O intervalo é também uma peça importante no puzzle. Os jogadores sabem de tudo, 0:0 aqui e 2:0 lá. Estamos satisfeitos, não mexe mais. Oliveira puxa da palavra e quer a vitória para eliminar os chinocas do Mundial deles. A segunda parte é um filme. Porque a Coreia cresce e intimida Baía com dois cabeceamentos a rasar o poste. De Portugal, zero. "Tira o Beto", ouve-se amiúde. "Tira o Beto". Oliveira demora, Ángel Sánchez nem por isso. O argentino, agora mal, assinala falta um mergulho de Lee e mostra o segundo amarelo a Beto. Nove, Portugal joga com nove. E deve seis mil euros à FIFA. Ah pois é, pela primeira vez na história dos Mundiais, os vermelhos pagam-se. E caro. Três mil euros à peça.
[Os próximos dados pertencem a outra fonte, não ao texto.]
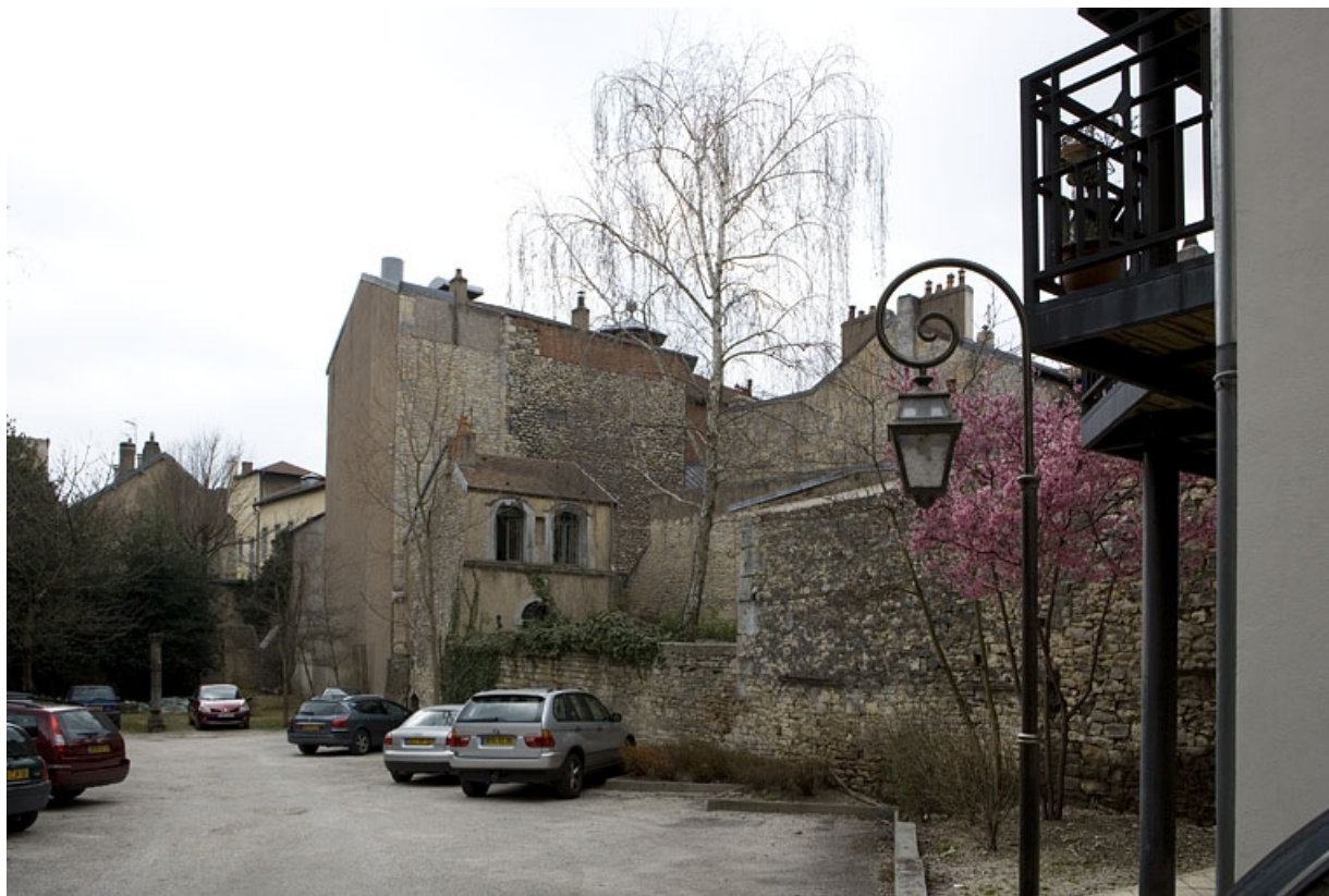
Vue d'ensemble de la fabrique de jardin depuis la parcelle voisine.

25, Besançon Grande Rue 114, lieudit : îlot Granvelle
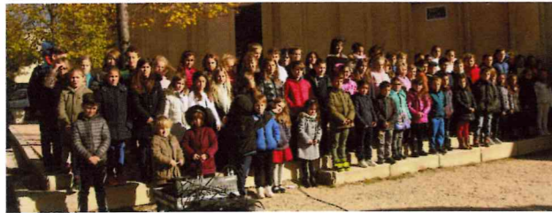
Commémoration de l'armistice de 1918 Samedi 11 novembre 2017 à 11h

Com nove em campo, Oliveira chama Jorge Andrade e saca Pauleta, a única referência ofensiva. Na linha lateral, Oliveira diz de sua justiça. "Disse-me ‘vais jogar ali no meio-campo." Passada uma jogada, "não, vais jogar a central." Depois: "não, vais jogar a lateral direito." No minuto seguinte, canto para a Coreia. Bola aqui, bola ali, Park domina e atira para o 1:0. A Polónia continua a ajudar (já vai em 3:1).
Um golo é o suficiente para chegar aos oitavos-de-final. No banco, Oliveira chama Abel Xavier. E sai Rui Jorge. Já ninguém se entende, nem é coração e muito menos cabeça. Rui Costa percebe aí que está fora do jogo, não vai mais entrar e desata a chorar perto do banco, sentado na pista de tartan. O adjunto Rui Caçador chama-o à atenção. "Menino Rui [Caçador trata-os assim, já os conhece há anos e anos], ninguém lhe deu autorização para sair do aquecimento." A resposta de Rui é uma ida ao bilhar grande, salvo seja.
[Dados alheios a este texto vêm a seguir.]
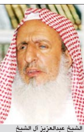
الشيخ عبدالعزيز آل الشيخ

وأضاف قائلاً: ينبغي لجميع المطلوبين أمينا أن يعودوا إلى رشدكم، وأن يحموا الله على أن هيأت لهم الدولة مثل هذه الفرص بالعودة إلى طريق الحق والرشاد، لكي يتداركوا أخطأهم ويصححوا أوضاعهم ويعودوا إلى رشدكم والصواب، واغتنام ما تبقى من الشهر الكريم المبارك ليكُونوا بين أهلهم وذويهم. وعلى صعيد العائدين من باكستان، أفادت المصادر بأنهما خضعوا لتحقيق أولي حول ظروف وكيفية مغادرتهما المملكة وتوجههما لمناطق صراع وشهدت وتشهد أعمالاً قتالية والتي يرجح أن تكون أقيمت في أفغانستان، في الوقت الذي مكنت وزارة الداخلية العائدين من الاتصال بذويهما الذين سبق
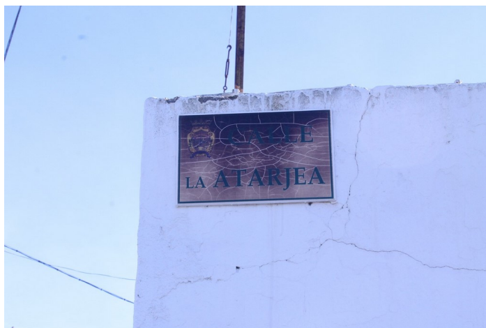
Placa Calle Atarjea Epígrafe 1. Inmuebles

Ainda falta uma substituição, vá. Oliveira olha para o banco e saca Nuno Gomes. De todos os suplentes, e excepção feita aos dois guarda-redes, Nuno é o único sem o aquecimento feito. Oliveira simplesmente não se lembra de o chamar, a ele, ao seu suplente de eleição na fase de qualificação. Já equipado para jogar e com um pique apenas de aquecimento, Nuno Gomes ouve de Oliveira o nome do substituto. "Mas, mister, o Jorge [Andrade] entrou agora." Oliveira rectifica. "Ah, então vais para o lugar do Petit."
Continua 1:0 para a Coreia do Sul. Nos últimos minutos, já com o capitão Couto lá à frente para atazanar o juízo aos centrais adversários, há um carrossel de emoções sem igual. Vítor Baía sacode a pressão só com Song pela frente, Sérgio Conceição atira ao poste (89’), Baía salva novo contra-ataque (90’) e Conceição obriga o guarda-redes a defesa por instinto para canto (90’+3). Quando Ángel Sánchez apita para o fim, o adeus ao Mundial é inevitável. E hoje, como será?